Он пригласил в гости, познакомил с женой Станиславой — и муж, и знакомые зовут ее почему-то Тасей — она тоже художница, но сейчас работает дома — кормит сына, первенца, которого, кстати, назвали Святославом. Должно быть, очень дружная семья, потому что муж и жена часто выступают соавторами того или иного сервиза, набора — мне даже хочется думать, что изящество и тонкость линий — от него, а кропотливые, требующие бесконечного терпения розочки и лепестки — от нее.

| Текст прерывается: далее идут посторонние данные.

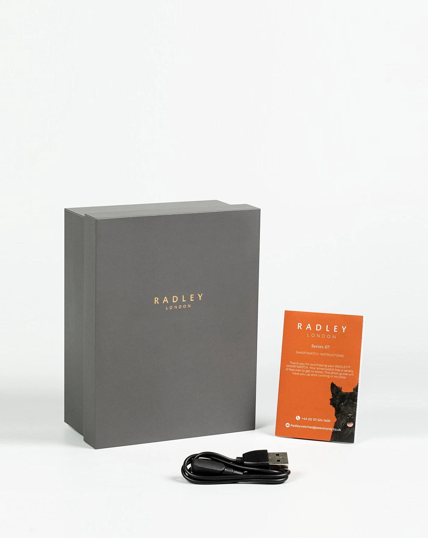 In the box: Watch, 2 Interchangeable Straps, Radley Gift Box, USB Charger.

Долго, наперебой, расхваливали Одессу, где жили, учились и поженились. После нее, многоречивой, сверкающей анекдотами, Сибирь показалась суровой и мрачной. «На рынке цену спрашиваешь, и то не торопятся отвечать. Или вообще не отвечают». Но работать здесь, в Мишелевке, интересно: полная самостоятельность, простор для инициативы, быстрая возможность утвердить свое художническое имя. «Ни один день не проходит бесследно, — с энергической убежденностью говорит Виктор. — Работаешь и видишь результаты работы. В Одессе же нашей специальности трудно найти применение».

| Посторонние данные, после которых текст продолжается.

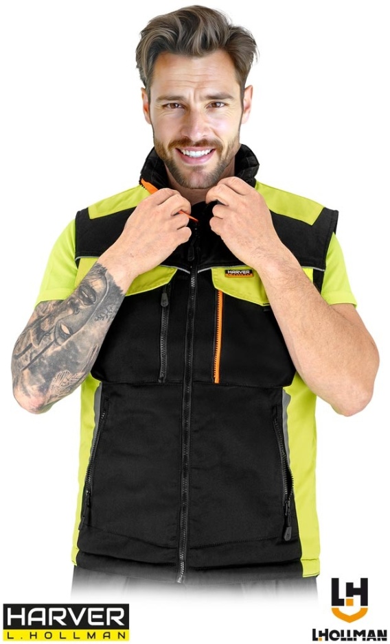 BEZRĘKAWNIK OCHRONNY OCIEPLANY HARVERCOOL CZARNO-ŻÓŁTO-POMARAŃCZOWY

Показывали тонкостенные, на высоких ножках, бокалы, несколько вычурные, но тем не менее красивые сувенирные поделки: фарфоровые перстни, медальоны, брошки — все это было отмечено вкусом и подтверждало слова Лозинского: «Ни один день не проходит бесследно». Поколебавшись и посмущавшись, он показал даже фарфоровый ночной горшок для сына — так сказать, творческое проявление первого пылкого отцовского чувства. «Да, брат Святослав, — подумал я о младенце, — о твоем эстетическом воспитании беспокоиться не придется. Ешь с фарфора, пьешь из фарфора и так далее — в фарфор. Своеобразное приобщение к прекрасному».
Спросил, готово ли что-нибудь из показанных сувениров и посуды к производственному существованию?

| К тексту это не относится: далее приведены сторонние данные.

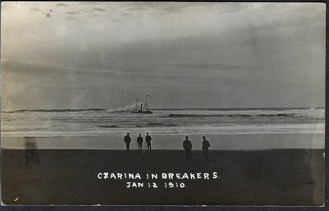 The Czarina left Coos Bay on January 12, 1910, headed for San Francisco with a cargo, estimated at $20,000 in value (over $500,000 in 2019 dollars), of cement and coal belowdecks and 40,000 board feet of lumber lashed to the decks. The ship departed as a southwesterly gale was blowing and a high sea was breaking over the Coos Bay bar. The ship ran into trouble even before reaching the open sea, and onlookers later reported that it looked like the engines or perhaps the steering apparatus had been disabled. The Czarina grounded on South Spit, having already breasted sixty-one breakers, passed over the Coos Bay bar, and drifted northward along the beach.

— Нет, это пока только лабораторные упражнения. Правда, некоторые вещи собираемся показать на художественном совете в Москве.
— Когда?
— Осенью. Худсоветы обычно два раза в год бывают.
— А есть гарантия, что ваши работы совет утвердит?
— Нет. Там же народу сидит добрая сотня. Одному одно не понравится, другому — другое, и — завалят. А может и на «ура» пройти. Вообще иногда забавные истории случаются. На одном совете вещь не проходит, не приглянулась, а на другом она же получает всеобщее одобрение.
— Действительно забавно. Коллективное мнение, коллективный вкус — вроде уж объективнее суда не бывает.
— Ну что вы. Живые же люди сидят. У того настроение плохое, у третьего семейные неурядицы на уме. Потом устают смотреть с утра до вечера.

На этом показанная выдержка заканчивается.